Captains and shoppers had a dread of going there, and insurance companies raised their rates
on goods consigned thitherward; and yet the Bluff Harbor is and always was a Milford Haven
compared to Hokitika.

"The same vessels and the same captains have traded for years, very probably without the
occurrence of a single disaster worthy of mention, and their first voyage to Hokitika has likely
enough been their last. The same thing has happened so often that the most unwilling are
compelled to acknowledge that the fault lies with the harbour and not the captains of the
vessels. The harbor is bad.

"The work of recovering the engines that belonged to the ill-fated New Zealand is rapidly
proceeding and at night gives the beach quite a lively appearance. The purchasers will ship
them to Melbourne, where doubtless, they will be well rewarded for their spirited undertaking".

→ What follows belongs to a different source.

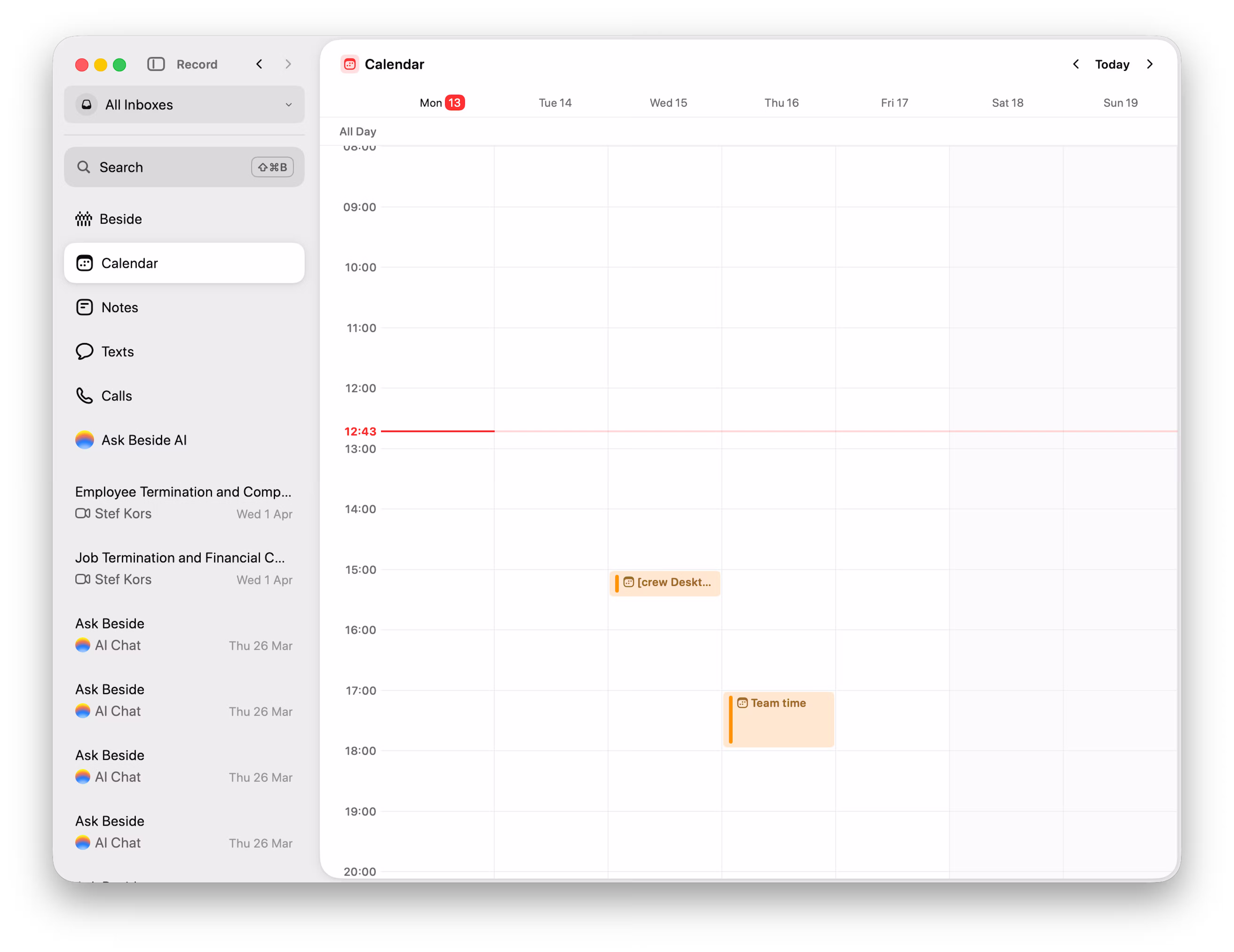 Beside (formerly named Interface.inc) is an AI receptionist and Meeting Recorder shipping across macOS, iOS, web, and Windows. I operated as an engineering-first product builder owning features from concept through to production across every client.

She eventually broke her back on the sandbar and 'went to pieces' and thus ended the
eventful, if somewhat inglorious, career of this interesting but unsuccessful steamboat. She
had been but nine years afloat, first as a Clyde river-boat, partly as a Sunday-breaker, next on
The Caledonian Canal, then on The Mersey, with a spell laid up in dock, following which came a
turn of blockade-running, capture and conveyance to New York, sale and despatch to
Melbourne and, after some service there transference to the New Zealand coasting trade,
where her adventures terminated in the manner described, so that this first Clyde saloon
steamer had no lack of variety in the experiences of her short lifetime. The pity is that for the
purpose for which she was designed the "Alliance" was a failure, and that the ingenuity and
courage of Mr. Mills brought him nothing but disappointment.